I've built unbound with 

 ./configure --with-pythonmodule  --enable-dnstap=no --enable-cachedb=no --with-libevent --enable-debug --with-pthreads

I've tried it so far with and without
libevent 
pthreads
cache-db
dnstap

The only variation I haven't tried is dropping the python module since that is critical to what we are doing with unbound.

Currently unbound is crashing (on both centos and ubuntu) with  a variety of errors.  A sample of my log file looks like.

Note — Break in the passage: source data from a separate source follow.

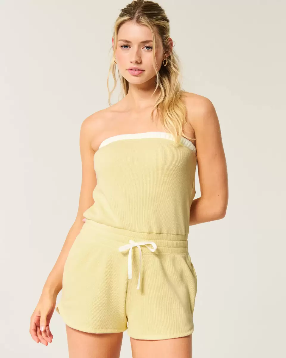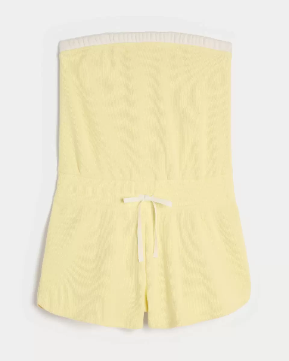 A cute and cozy onesie in super soft waffle fabric. Strapless, drawstring waist. Imported.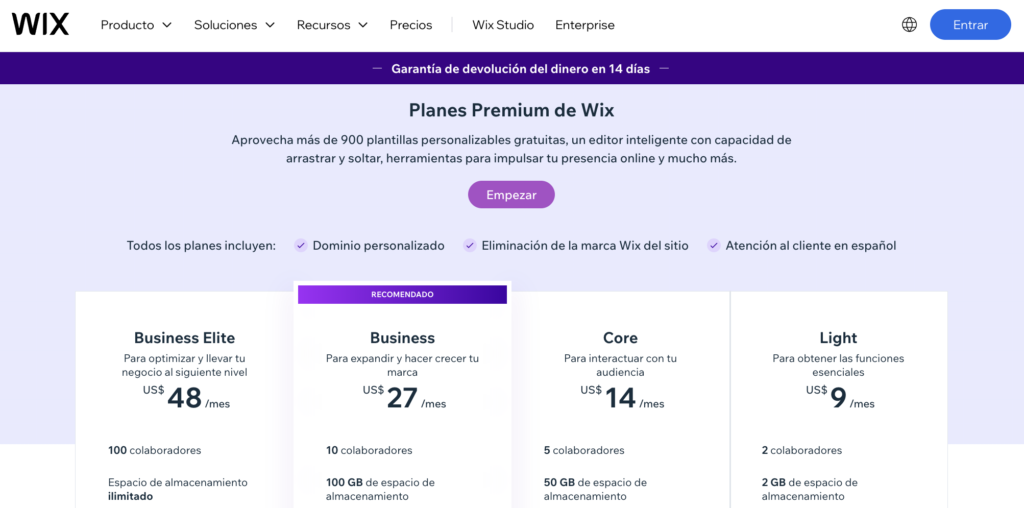 Sin embargo es importante que revises y valides si los planes que te brinda WIX, se adaptan a lo que necesitas y sobre si tu presupuesto en el mediano y largo plazo son suficientes.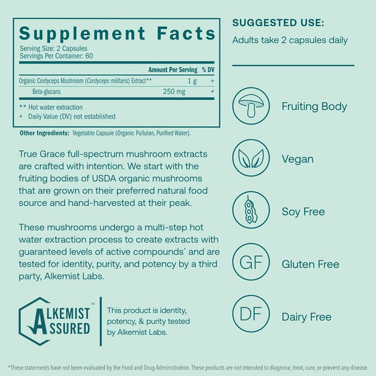 Organic Mushroom Cordyceps Capsules for Energy & Endurance - 120 Count - True Grace Formula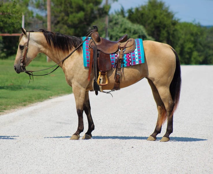 ONLINE AUCTION Place your bids at www.PlatinumEquineAuction.com Starting Bid $3500 Auction ends August 11th, 2024 Need a new saddle? Check out White Rock Saddles on our website or Facebook! They don’t come anymore perfect than this pretty little gal we’re about to Introduce you to ! Butters is a 12 year old buckskin mare standing 14 hds tall . Shes absolutely SAFE for any level rider and will be safe for anyone from 5 to 85 . We trust Butters with everyone ! Butters is the funniest gal to go cruise around on , she’s user friendly and you don’t have to be a cowboy to ride her . She is happy to do whatever you ask of her , she will go out down the trail by herself or in a group . She will cross water , logs , bridges and tarps and whatever else you may come across down the trail with zero hesitation. She is confident all while taking care of her riders . She is the perfect mount for everyone including the littles to enjoy from the trails to arena work . Butters is always a trooper when being rode in town with the heavy traffic , crowds of people and is always the first one to get loved on by everyone . She is the sweetest mare and loves attention always being the first one to greet you in the barn . In the arena she has smooth gaits and transitions . We have gave numerous lessons on her for all levels of riders , she is very forgiving and always try’s 100% to please. She will walk , trot and lope circles , she has a true neck rein on her , moves off of your legs. She is the perfect addition to anyone’s family and not only is she the perfect size she’s Americas favorite color ! She loads and unloads off the trailer great . Stands great to tack up and easy to bridle . Butters is also one you can jump on bareback with a halter and take out for a ride . She clips , ties , stands for the farrier and bathes like a dream. She is truly a unicorn that everyone searches the world for! Call us to schedule a time to come try her out or we can set up a FaceTime call. If you need help with transport don’t hesitate to ask we have a list of reputable haulers that can get her safely to your doorstep world wide. Contact M$ Perf. Horses Michelle 661-817-9120 with any questions. Located in Stephenville, TX. ONLINE AUCTION Place your bids at www.PlatinumEquineAuction.com Starting Bid $3500 Auction ends August 11th, 2024 Need a new saddle? Check out White Rock Saddles on our website or Facebook!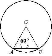| 8. Центральный угол AOB опирается на хорду АВ длиной 5. При этом угол ОАВ равен 60°. Найдите радиус окружности. |  |

Mar 12 05:07:09 sfo unbound: [7253:2] fatal error: services/mesh.c:419: mesh_new_client: assertion n != NULL failed
Mar 12 05:07:16 sfo unbound: [7273:3] fatal error: services/mesh.c:419: mesh_new_client: assertion n != NULL failed
Mar 12 05:07:56 sfo unbound: [7278:0] fatal error: services/mesh.c:419: mesh_new_client: assertion n != NULL failed
Mar 12 05:11:03 sfo unbound: [7285:2] fatal error: services/mesh.c:419: mesh_new_client: assertion n != NULL failed
Mar 12 05:11:22 sfo unbound: [7330:3] fatal error: services/mesh.c:419: mesh_new_client: assertion n != NULL failed
Mar 12 05:12:31 sfo unbound: [7337:0] fatal error: services/mesh.c:572: mesh_new_prefetch: assertion n != NULL failed
Mar 12 05:13:17 sfo unbound: [7347:2] fatal error: services/mesh.c:419: mesh_new_client: assertion n != NULL failed
Mar 12 05:13:35 sfo unbound: [7365:3] fatal error: services/mesh.c:572: mesh_new_prefetch: assertion n != NULL failed
Mar 12 05:14:19 sfo unbound: [7370:3] fatal error: services/mesh.c:419: mesh_new_client: assertion n != NULL failed
Mar 12 05:14:37 sfo unbound: [7383:1] fatal error: util/rbtree.c:324: change_child_ptr: assertion child->parent == old || child->parent == new failed
Mar 12 05:16:30 sfo unbound: [7388:0] fatal error: services/mesh.c:419: mesh_new_client: assertion n != NULL failed
Mar 12 05:16:48 sfo unbound: [7411:1] fatal error: services/mesh.c:419: mesh_new_client: assertion n != NULL failed
Mar 12 05:17:16 sfo unbound: [7424:2] fatal error: services/mesh.c:572: mesh_new_prefetch: assertion n != NULL failed
Mar 12 05:17:58 sfo unbound: [7433:0] fatal error: services/mesh.c:419: mesh_new_client: assertion n != NULL failed
Mar 12 05:18:32 sfo unbound: [7443:0] fatal error: services/mesh.c:419: mesh_new_client: assertion n != NULL failed
Mar 12 05:31:54 sfo unbound: [7452:2] fatal error: services/mesh.c:419: mesh_new_client: assertion n != NULL failed
Mar 12 06:25:51 sfo unbound: [7571:1] fatal error: services/mesh.c:419: mesh_new_client: assertion n != NULL failed
Mar 12 06:25:52 sfo unbound: [8060:1] fatal error: services/mesh.c:419: mesh_new_client: assertion n != NULL failed
Mar 12 06:25:53 sfo unbound: [8065:3] fatal error: services/mesh.c:419: mesh_new_client: assertion n != NULL failed
Mar 12 06:25:54 sfo unbound: [8072:1] fatal error: util/rbtree.c:324: change_child_ptr: assertion child->parent == old || child->parent == new failed
Mar 12 06:25:56 sfo unbound: [8077:0] fatal error: util/rbtree.c:324: change_child_ptr: assertion child->parent == old || child->parent == new failed
Mar 12 06:27:12 sfo unbound: [8082:3] fatal error: services/mesh.c:419: mesh_new_client: assertion n != NULL failed
Mar 12 06:52:29 sfo unbound: [8099:1] fatal error: services/mesh.c:419: mesh_new_client: assertion n != NULL failed
Mar 12 07:42:41 sfo unbound: [8294:0] fatal error: services/mesh.c:419: mesh_new_client: assertion n != NULL failed



Does anybody have an pointers on where to look or what a workaround might be?

Thanks

Chris Stradtman
Comment 1 Wouter Wijngaards 2017-03-13 08:19:54 CET
Hi Chris,

Something bad must be in the python module.  Can you disable that, temporarily, to see if that is the problem?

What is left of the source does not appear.